[Description of the task] Without any pictures, the records below should be reproduced exactly.

Dataset records
##############################

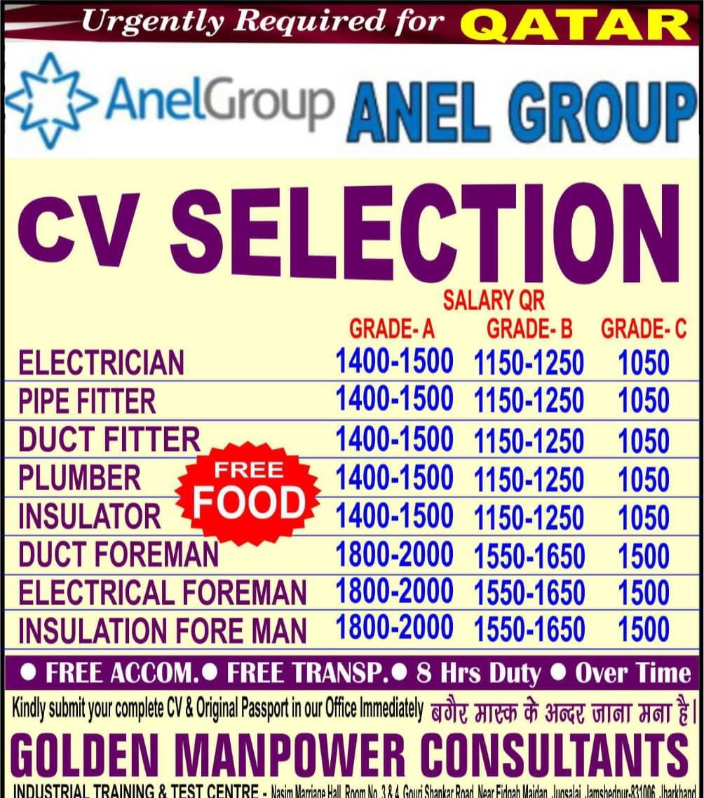 Anel group qatar job vacancy - Urgent requirement
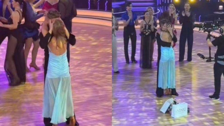 Przypomnijmy, że po każdym werdykcie, zwłaszcza gdy ktoś odpada, uczestnicy wspólnie tańczą i żegnają parę opuszczającą program. Tym razem Agnieszka Kaczorowska i Marcin Rogacewicz byli skupieni tylko na sobie. Zakochani tańczyli w samotności, tulili się i całowali na parkiecie, nie wymieniając słowa z kolegami i koleżankami. Do sieci trafiło nagranie. Widać na nim również, jak nieco zdezorientowane pozostały pary tańczą kilka metrów od nich. Według relacji naszej reporterki, która była na miejscu, po zakończeniu odcinka tancerka i aktor od razu uciekli za kulisy, a następnie udali się do auta.
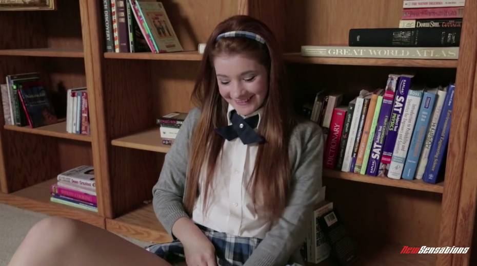 Cute college babe Ava Sparxxx is masturbating her slit in the library
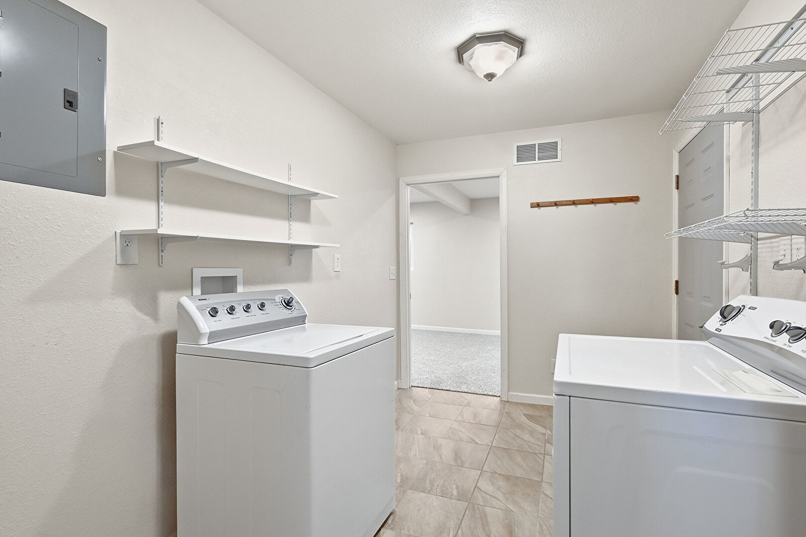 Baseboards Wall, Drywall, Electric Panel, Laundry, Vent, Washer Hookup
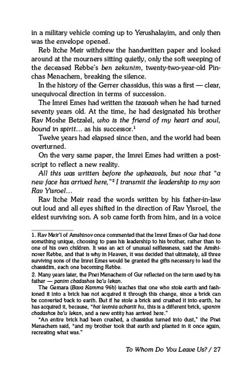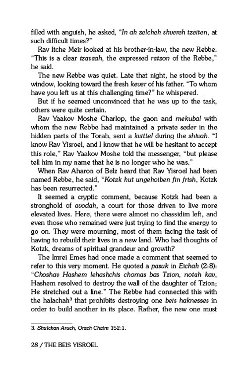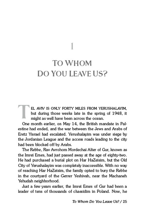 Written with the flair and emotion that have made Yisroel Besser’s biographies so beloved, The Beis Yisroel tells both stories -- the story of the Rebbe’s immeasurable impact on a nation still reeling, and the individual stories of how he was able to heal, encourage and uplift. From a sign painter to his beloved talmidim, from survivors whose horrific experiences had sent them far from their chassidic routes to bachurim struggling with the lures of secular society – whatever the challenges, the Rebbe was there to help and guide and find the greatness of every Jew.

##############################

[Task output]
 Anel group qatar job vacancy - Urgent requirement
 Przypomnijmy, że po każdym werdykcie, zwłaszcza gdy ktoś odpada, uczestnicy wspólnie tańczą i żegnają parę opuszczającą program. Tym razem Agnieszka Kaczorowska i Marcin Rogacewicz byli skupieni tylko na sobie. Zakochani tańczyli w samotności, tulili się i całowali na parkiecie, nie wymieniając słowa z kolegami i koleżankami. Do sieci trafiło nagranie. Widać na nim również, jak nieco zdezorientowane pozostały pary tańczą kilka metrów od nich. Według relacji naszej reporterki, która była na miejscu, po zakończeniu odcinka tancerka i aktor od razu uciekli za kulisy, a następnie udali się do auta.
 Cute college babe Ava Sparxxx is masturbating her slit in the library
 Baseboards Wall, Drywall, Electric Panel, Laundry, Vent, Washer Hookup
 Written with the flair and emotion that have made Yisroel Besser’s biographies so beloved, The Beis Yisroel tells both stories -- the story of the Rebbe’s immeasurable impact on a nation still reeling, and the individual stories of how he was able to heal, encourage and uplift. From a sign painter to his beloved talmidim, from survivors whose horrific experiences had sent them far from their chassidic routes to bachurim struggling with the lures of secular society – whatever the challenges, the Rebbe was there to help and guide and find the greatness of every Jew.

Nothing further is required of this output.